Scatter plot by group in ggplot2

Changing the colors

The default color palette can be customized in several ways. You can use scale_color_manual and pass a vector of colors to the values argument or choose a predefined discrete palette, such as scale_color_viridis_d.

# install.packages("ggplot2")

# Vector of colors
cols <- c("#1170AA", "#55AD89", "#EF6F6A")

ggplot(df, aes(x = x, y = y, color = group)) +
  geom_point() +
  scale_color_manual(values = cols)

Scatter plot by group in ggplot2 color scale

Changing the shape and the size

The default shape of the observations are filled circles, but you can choose any symbol with shape. The size of the symbols can also be customized, making use of size.

# install.packages("ggplot2")

ggplot(df, aes(x = x, y = y, color = group)) +
  geom_point(shape = 17, size = 2)

Scatter plot symbol in ggplot2

Shape by group

If you want you can add a different shape by group, pass the grouping variable to the shape argument of the aes function. Note that you can specify this argument without setting color.

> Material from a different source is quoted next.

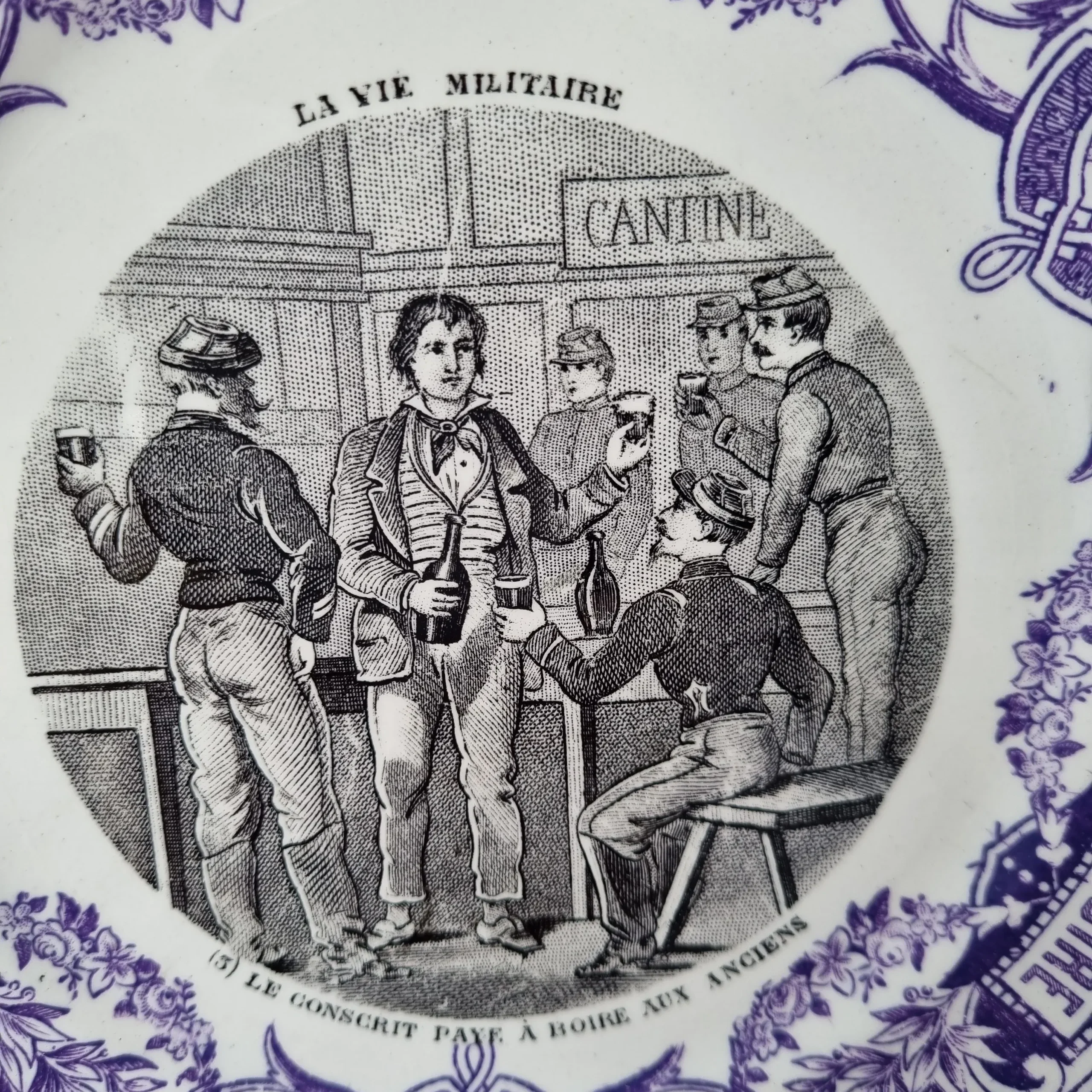 6 platos «parlantes» de Sarreguemines, «La vida militar»

# install.packages("ggplot2")

ggplot(df, aes(x = x, y = y, color = group,
               shape = group)) +
  geom_point(size = 2)

Scatter plot with shape by group in ggplot2

Legend customization

ggplot2 scatter plot with custom legend

Legend title

When you create a scatter plot by group in ggplot2 an automatic legend is created based con the categorical variable. The default title of the legend is the name of the variable, but you can override this with the following code.

# install.packages("ggplot2")

ggplot(df, aes(x = x, y = y, color = group)) +
  geom_point(size = 2) +
  guides(colour = guide_legend(title = "Title"))

Scatter plot by group in ggplot2 with custom key labels

Custom key labels

The labels can also be customized. You can make use of the labels argument of the scale_color_discrete function to change them.

# install.packages("ggplot2")

ggplot(df, aes(x = x, y = y, color = group)) +
  geom_point(size = 2) +
  scale_color_discrete(labels = c("G1", "G2", "G3"))

Remove the legend in ggplot2 scatter plot

Remove the legend

In case you want to get rid of the legend set legend.position = "none" inside the theme function.

# install.packages("ggplot2")

ggplot(df, aes(x = x, y = y, color = group)) +
  geom_point(size = 2) +
  theme(legend.position = "none")